The identified SNP rs1333040 correlates (0.7 < r2 < 0.8) with 24 variants located within or 3′UTR downstream of CDKN2B-AS. None of these variants are located within the coding sequence. However, the possibility that the identified variant is tagging a functional SNP located directly within the CDKN2A/p16INK4A, p14ARF or CDKN2B/p15INK4B genes cannot be excluded. Further studies are needed to evaluate the effect that the SNPs we identified may have on ANRIL/CKDN2B-AS.
The 12p13 risk variants map within the RAD52 homolog gene which plays a role in DNA double-strand repair and homologous recombination (59,60). A role of the RAD52 in lung carcinogenesis was originally proposed from a candidate gene study reported by Danoy et al. (61), a finding confirmed by a pathway-based analysis using GWAS data from the National Cancer Institute (NCI), UK, and the MD Anderson Cancer Center (MDACC) studies which robustly demonstrated an association for squamous lung cancer (19). The role of RAD52 in repairing double-strand breaks induced by tobacco smoking is supported by the association being confined to smokers.

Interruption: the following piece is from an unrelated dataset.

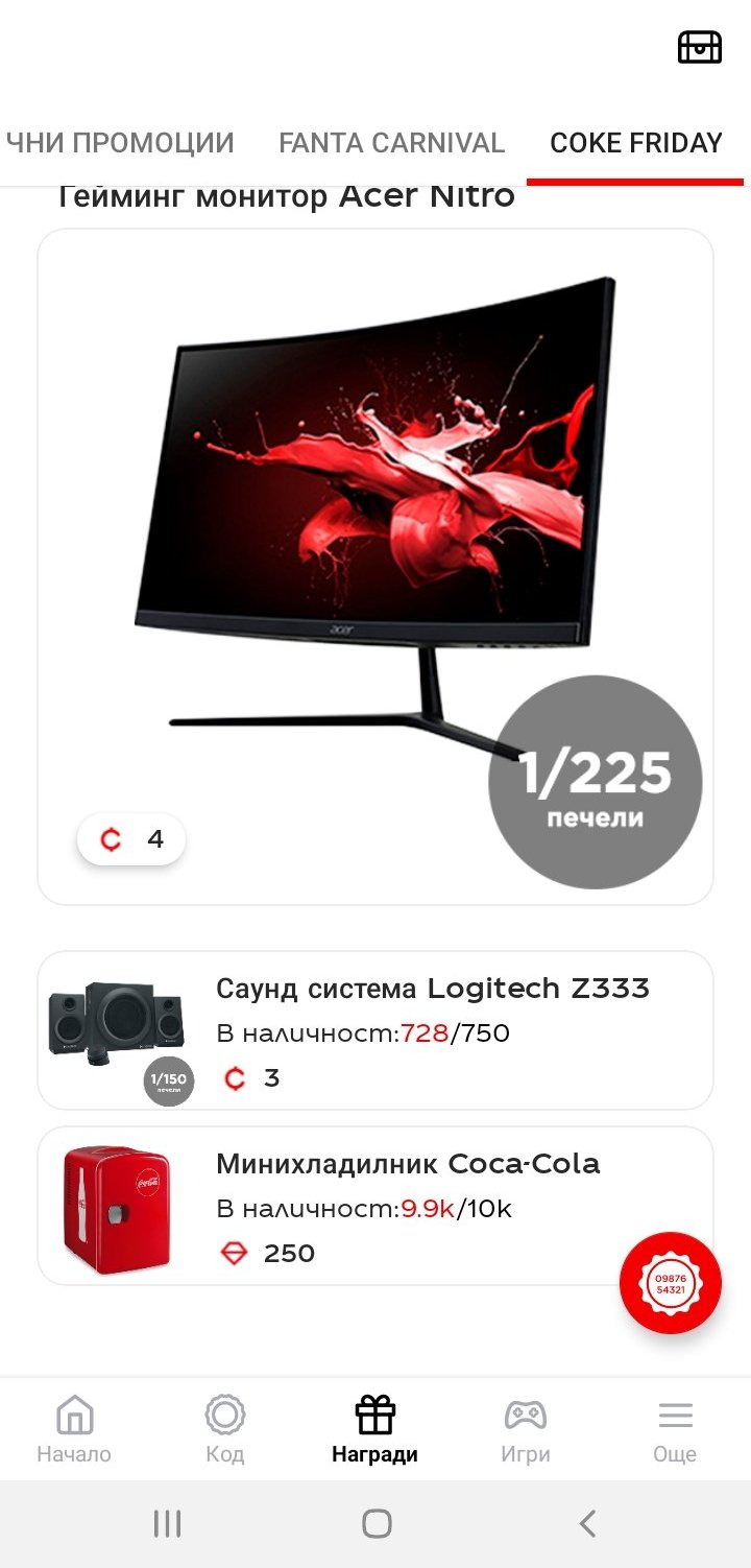 Кока колата се отвори при мен само веднъж за има-няма две минути, това са наградите

The present study has confirmed the smoking-related effect of 15q25 variation on lung cancer risk and has provided additional support for the existence of several independent disease loci within the CHRNA5/CHRNA3/CHRNB4 region. This is consistent with genotyping data which has shown several distinct signals for smoking behavior and lung cancer risk within this region (62–64). Saccone et al. (63) described four distinct loci influencing smoking behavior at 15q25 with at least two of them (locus 1 annotated by rs1051730/rs16969968 and locus 3 annotated by rs588765) having independent effects on smoking behavior. The second locus annotated by rs6495308 was more strongly associated with heavy smoking. In contrast, the Oxford-GlaxoSmithKline study reported a secondary locus distinct from rs6495308 (62).

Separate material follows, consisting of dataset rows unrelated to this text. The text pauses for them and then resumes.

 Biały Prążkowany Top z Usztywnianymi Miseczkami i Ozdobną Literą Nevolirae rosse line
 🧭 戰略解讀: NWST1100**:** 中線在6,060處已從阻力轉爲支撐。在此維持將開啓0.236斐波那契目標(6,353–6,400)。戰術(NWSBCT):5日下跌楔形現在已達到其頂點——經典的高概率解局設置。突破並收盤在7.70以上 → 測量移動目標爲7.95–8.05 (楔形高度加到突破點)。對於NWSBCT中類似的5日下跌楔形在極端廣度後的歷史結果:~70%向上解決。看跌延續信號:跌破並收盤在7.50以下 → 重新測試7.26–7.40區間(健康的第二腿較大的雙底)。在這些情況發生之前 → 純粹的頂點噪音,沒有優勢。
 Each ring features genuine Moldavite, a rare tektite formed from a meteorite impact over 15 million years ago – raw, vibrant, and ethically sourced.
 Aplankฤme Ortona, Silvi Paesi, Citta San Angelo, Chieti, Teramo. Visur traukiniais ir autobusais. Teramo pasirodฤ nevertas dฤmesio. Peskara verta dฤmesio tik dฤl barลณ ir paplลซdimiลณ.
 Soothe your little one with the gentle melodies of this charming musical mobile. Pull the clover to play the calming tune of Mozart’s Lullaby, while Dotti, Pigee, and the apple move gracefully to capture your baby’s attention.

Our current study supports the existence of the two distinct signals defined by rs1051730/rs16969968 and rs6495309/rs6495308/rs2036534. Reciprocal attenuation of the effects for these two signals when allele dosage for an opposite variant is included into a model raises the possibility of an underlying haplotypic effect (r2 = 0.17, D′ = 1.0 between these two SNPs) or an imperfect correlation with an unknown functional variant. We also observed an effect for rs680244/rs6495306 (r2 = 1.0, D′ = 1.0 with rs588765 for both) in our meta-analysis, which remained significant at a genome-wide level when controlled for rs6495309 and strongly diminished when controlled for both rs1051730 and rs6495309. This suggests that the rs588765/rs680244/rs6495306 effect on lung cancer risk is not independent. Similar to the earlier observation from Saccone et al. (63), these variants had opposite effects when adjusted for rs1051730, which may reflect a haplotypic organization in which the rs1051730 allele increases risk while other associated SNPs decrease the risk.
Our study confirmed a different genetic background for the two major histological subtypes of lung cancer—squamous cell carcinoma and adenocarcinoma. Although the role of the CHRNA5/CHRNA3/CHRNB4 locus at 15q25 and, to some extent, the CLPTM1L locus at 5p15.33 appeared independent from the histology type, all other identified genomic regions showed strong heterogeneity by histology, suggesting different genetic etiologies for these lung cancer subtypes. The significance of cell cycle control (CDKN2A/ARF/CDKN2B/ANRIL), DNA damage response and DNA repair genes (RAD52 and BAT3/MSH5) in squamous cell carcinoma is consistent with the notion of a particularly strong effect of smoking on the development of this histological subtype (65) and suggests candidate drug targets that may have clinical utility (66).
The power of the meta-analysis to identify 5p15.33, 6p21–6p22 and 15q25.1 risk SNPs and loci was over 90%, making it unlikely that additional lung cancer susceptibility variants of similar magnitude and allele frequencies can be identified by simply increasing sample size in Europeans. In contrast, the power of our study was limited to detect rarer variants (i.e. MAFs < 0.05) and common variants of a small effect size (i.e. RR ≤ 1.05) and/or with modest effects confined to a specific histology (Supplementary Material, Fig. S8). The present study was also limited to the genetic variants tagged by the genotyping arrays used. Several novel variants were identified within 5p15.33, 6p21–6p22, 9p21.3, 12p13.33 and 15q25.1 through imputation. The imputed variants correlated with the previously genotyped SNPs in individuals of European descendents, suggesting no additional independent signal within known loci to be identified. However, the replication of imputed variants by direct genotyping would be helpful to completely characterize the strength of effects of these SNPs.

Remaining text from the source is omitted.